Dustin you would be paid 16% from the first barrel until the well was paid off and the penalty retired as non-consent. Frankly, when I advised that you could go non-consent last year, you had not told yet how small your interest was. Your small interest will not pay a significant amount of money even if you participated. If you had even a few acres I would take 16% for a period of time and 100% thereafter rather than 18% for all time. My brother and I are non-consent in a spacing where we have 1.935 acres with 4 wells and we are fine with that. Consider that if the operator intends to recover up to $50,000 per acre per well in the spacing over a period of time of 30 years, 8 million dollar well which with penalty is costing you 12 million. 12 million divided by 1280 =$9,375 per acre.
Dustin, I must apologize to you. In an earlier post I gave you the wrong production figures for your Idaho well which in fact has a production of 63,509 barrels through November (3 months plus a partial month) and a production of 18,392 barrels in November. The Clearwater well has a production exceeding 156k barrels. To the best of my knowledge I have never made such an error before, please accept my apology. Both wells are still great wells, I just wish for your sake you had more acres under them.
Dustin, I have no doubt that these wells will pay out and pay out quickly, there just may not be enough of it to make it worth your while to be non-consent or even participate for that matter. I would ask for more than the $800/ net acre and 18%, I would consider that offer an insult.
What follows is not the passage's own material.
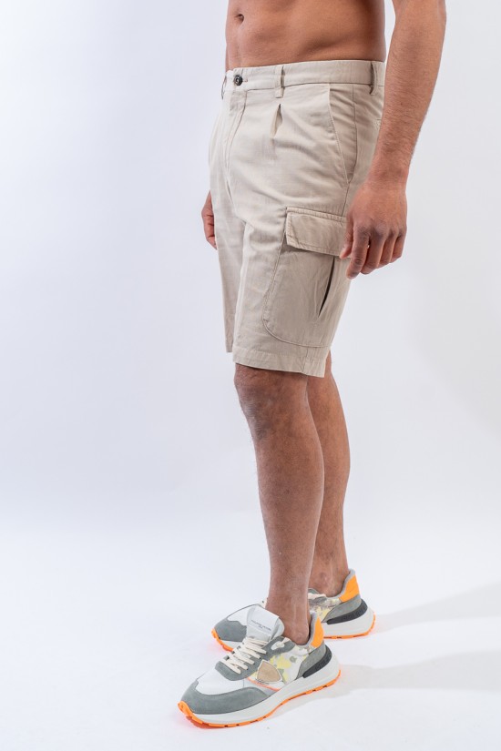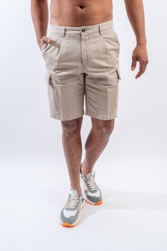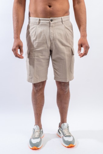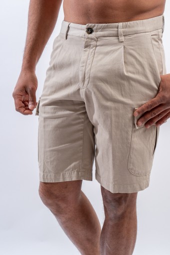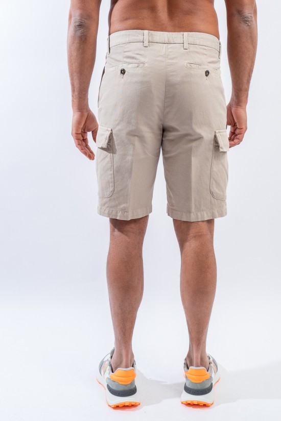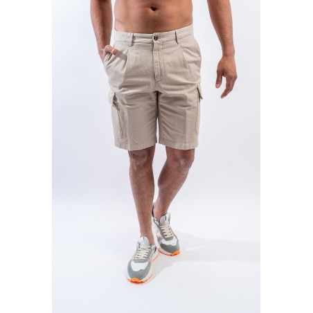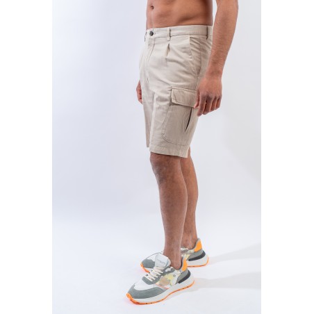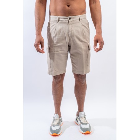 Bermuda cargo firmato Briglia realizzato in misto cotone elasticizzato per donare al capo maggiore libertà di movimento. Presenta tasche laterali a filetto sul davanti e doppie tasche posteriori chiuse da bottoni. Impreziosito dalla vita elasticizzata con coulisse e dalle pratiche e capienti tasche laterali applicate e chiuse da patta e bottoni. Sportivo ma con stile...

If at all possible I would pay the participation which should be fairly low so the operator would make little to nothing off my interest and then seek to sell my interests in these wells because if this is all you have, it will probably not be worth it to you to administer. Who might want to buy your small interest? There are probably some minority interest holders on your AFE THAT WOULD LOVE TO PICK UP ANY MORE INTEREST UNDER THESE WELLS, they already have the paperwork to do for their interest anyway, and it's all money!
In my opinion it would not hurt EOG to offer you $4,000 per net acre ($640 total) and 22% royalty on your .16 acre. As non-consent, you aren't going to notice a big difference between 16% and 18%. If it were mine, EOG could do better, or I would participate and sell it, not that EOG would ever miss the net revenue of .16 acres even with great wells on it but just on principle, because I think they are offering you much less than they would offer anyone else in that spacing that even had 2 acres. I figure if you reward companies, or people for that matter, for being POOPHEADS, then poopheads they will be. Realistically speaking, I think you should have been offered more, been safely leased so you don't even have to think about it anymore, but someone decided to squeeze you because they could and you came here looking for information. Good luck Dustin.
Dustin Larson said:
So would I be better off signing a lease? Or just not worrying about it at all?